His second residence came with a second woman – a wealthy Canadian TV news reporter named Nancy, who lived in Primrose Hill. This seemd to be the tipping point of Michael DeFreitas’s life. He made attempts to escape the world of the hustler, returning to the sea and becoming a sailor again, a life he loved. But after surviving numerous “attempts to put me away for robbery with violence and running a brothel”, while in Notting Hill, DeFreitas was accused of stealing a pot of paint from the dockyards (“there’s always a lot of it lying around apparently spare – and everybody takes it.”) He was sent to prison for three months and when he came out in 1963, the world had changed.

When he came out, he moved back to his old haunts in Notting Hill, now populated by a new white influx of bohemians, artists and dreamers. Alexander Trocci was devising Sigma, his collective of publishing, universities and culture; John Michell was running a hip record shop; drugs were everywhere and the kids were rebelling. Michael saw they had money, noted their relentless self-promotion, and rather liked the bullshitty nature of their work and projects – you got cash, and then delivered something…or nothing. It was just another hustle.

He started painting, and wrote poetry – his poetry more successful, largely due to his race meaning he was regarded as a tremendously desirable commodity in England: the “cool spade.” That said, Diana Athill, then chief editor at Andre Deutsch met and “disliked” Michael, saying he was “either a nut or a conman” – but against her better judgement, many years later, the firm would publish his autobiography, transcribed from interviews by a white English civil servant and sometime pornographic novel writer named John Stevenson.

malcolm xAs the 1960s progressed, Michael, like many black men, began attending meetings of West Indian men, where race was frequently discussed, with events in America developing a new black consciousness across the world. Eating at the Commonwealth Institute as part of the launch of a black newspaper called The Magnet, Michael heard a speech by the American Malcolm X, the leader of the Nation of Islam and then somewhat of a marginal figure. Impressed, he invited Malcolm X to dinner n Primrose Hill that night – X turned up at 10.30 and despite Michael and Nancy being concerned that he wouldn’t want to stay as Nancy was white, they started listening to music and didn’t drive him back to his hotel until 1am.

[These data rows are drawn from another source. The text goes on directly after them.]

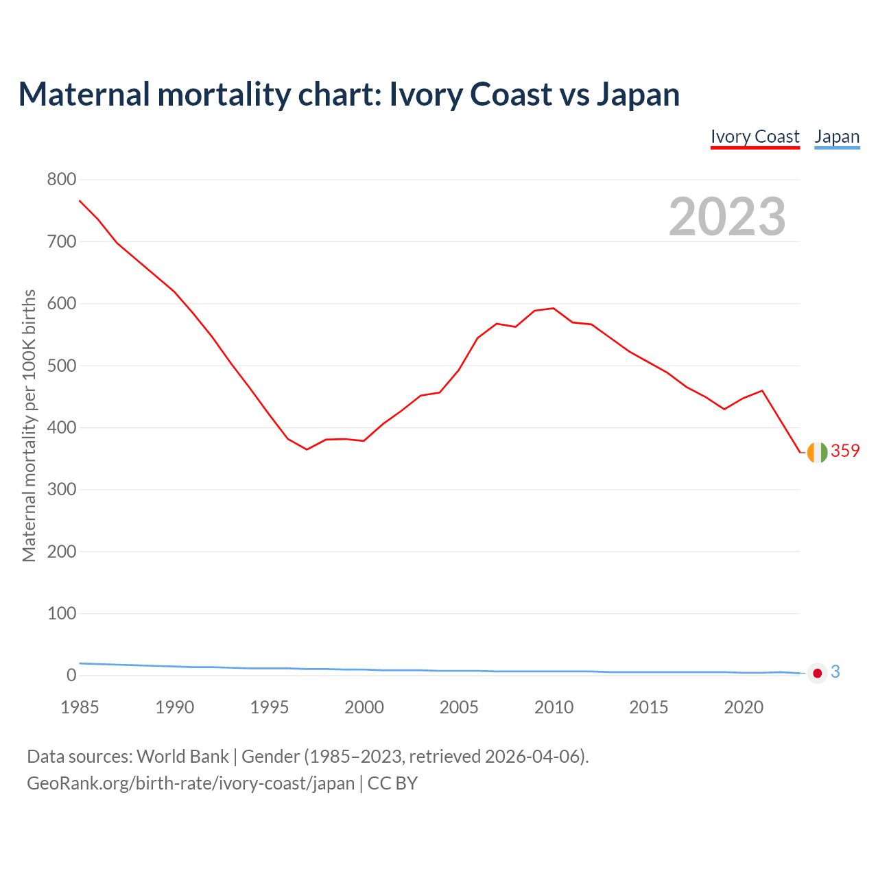 The maternal mortality rate, which is the probability of dying during childbirth or within 42 days of pregnancy termination, is 359 deaths per 100,000 live births in Ivory Coast, compared to 3 deaths in Japan.
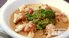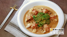 6.蝦子取出淋上高湯加入炒熟青花菜即可。
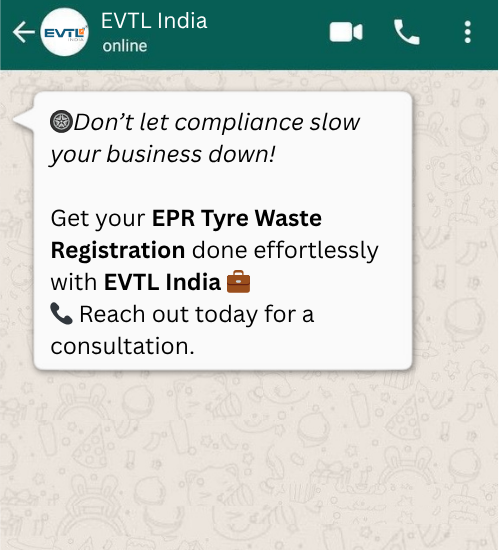Looking to obtain EPR Registration for Waste Tyres? You’re in the right place. EVTL India is a leading EPR registration consultancy in India, specializing in helping businesses involved in waste tyre management secure their EPR certificates. Our team of experts is available 24/7 to provide hassle-free and timely assistance, ensuring a smooth and efficient registration process.

For the remainder of Malcolm X’s British tour, Michael travelled with him. In a hotel in Birmingham, Malcolm told a receptionist to save a room “for my brother, Michael.” She took him literally, and entered the name Michael X in the reservation book. Michael swiftly adopted his new name.

Following Malcolm X’s assassination just three weeks later, Michael was profiled in the papers, portrayed as a leading light in British black nationalism and repeating Michael’s boasts that he’d been involved in organising the Notting Hill riots, had been to Russia for political meetings (he hadn’t, but he’d stopped off as a sailor to swap records and jeans for pots of caviar) and was the leader of a black British organisation which had 2000 members. With no one else at the fore, however, the article portrayed him as the voice of alternative black British culture, which led to him forming his own political group, the Radical Adjustment Action Society in 1965 (its acronym RAAS was specifically chosen as it was a Jamaican obscenity – raas claat, meaning sanitary towel.)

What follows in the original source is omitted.